Thanks to Leigh van den Berg who writes the Lip Gloss is My Life blog for the pic.
They are by Vivienne Westwood and Melissa, and upon some brief research I have discovered they smell like bubblegum . On giving them a thorough sniff I found a surfboard wax note, Mrs. Palmers perhaps?
After I had finished sniffing Lize’s shoes – poor girl, you really shouldn’t have your feet smelled at lunch – it was time for the festivities to commence. We took our seats and lunch, that glorious midday meal, began.
The first course was served as the impeccably vintaged out (can I use vintage in that way? I get confused when it is not simply a number) Marie Claire editor Aspasia Karras welcomed us all and spoke briefly about the June Green Issue, which is physically green rather than just the content being green focused: the envelope it is sold in is made from recycled materials and the cost of the paper is offset by trees being planted in Grootbos. Good for them. With us sure in the fact that green is now sexy – Vivienne Westwood (twice in one blog!) guest editing the edition internationally pretty much adjourns the court on this issue – we tucked in.

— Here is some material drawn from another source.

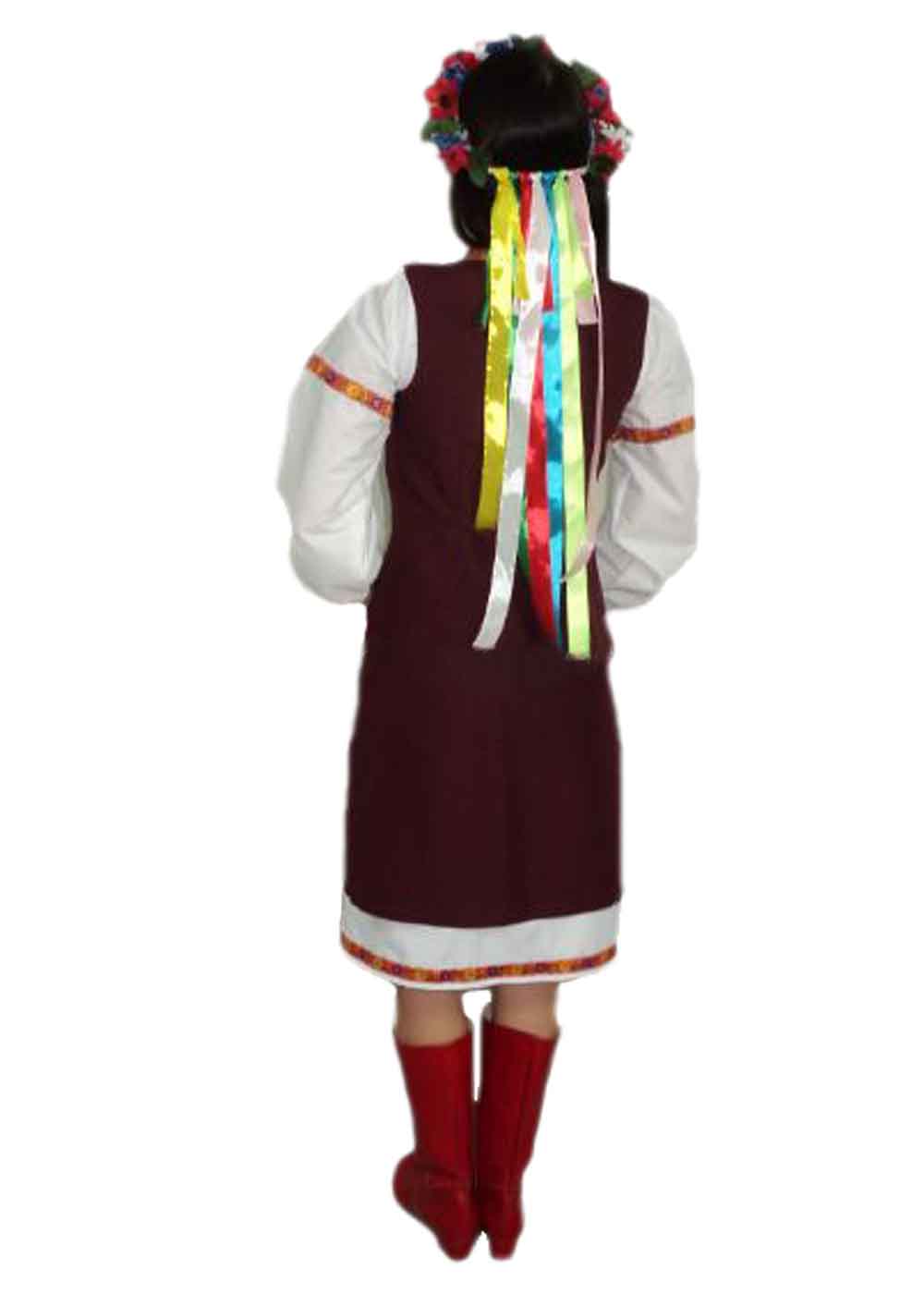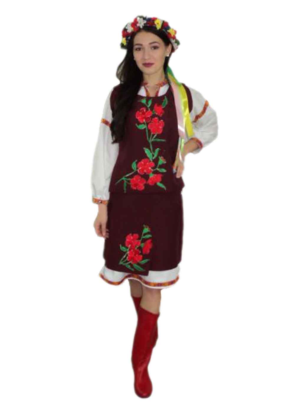 Украинский народный костюм бордового цвета выполнен из габардина и хлопка. В комплект входят рубашка, юбка и жилетка с аппликацией. Белая рубашка с длинными рукавами украшена вышивкой на манжетах и воротнике. Бордовая юбка и жилетка украшены яркими цветочными аппликациями, создавая традиционный и в то же время современный образ. Венок с цветами завершает костюм, придавая ему неповторимый украинский колорит.

Starters were a sort of tomato built up tart with Bree (I think) and caramelized onion and rocket. The wine being served was the Maison Chenin Blanc 2009 and the Klein Genot – now know as Holden Manz – Shiraz 2007 (I think). I love the Chenin, which I think balances ripeness and freshness very well. I can drink it all day. Which I believe I did. Lovely pears and sweet apples with a clean line of acidity running through it. Not sure how organic it is, but it’s style suited the day: clean, fresh, some complexity, full of sunshine. Quite similar in fact to our lunch’s musical accompaniment Hot Water.
The red, however, disappointed; coming across all overworked bacon bits and toasty oak. It lacked brightness and verve; like an old man in a moth-ball eaten blazer, stuck on a couch watching old football matches. One sip was enough.
I love lunches, I love the banter, the smokes between courses, the bellowing for refills, but I fear I may have got a little carried away. With our table slowly becoming ‘that’ table, I found myself struggling to concentrate on all the fantastic green things we must do. Michelle and Riaan Garforth-Venter were telling us action after action we could take to save the planet (Find them all in their new book The Green Line – a South African guide to green living).
And though by this stage of the lunch saving the planet looked as easy as opening another bottle of wine. So easy, I thought, that I would deal with it in the morning. It turns out that the next morning there were more pressing things to attend to. Things pressing on my skull. From the inside.
The lunch began to runaway with me. The bus was arrived. I ran away with the lunch. Thank goodness the weasel had taken the cork, I had left my bottle opener at home.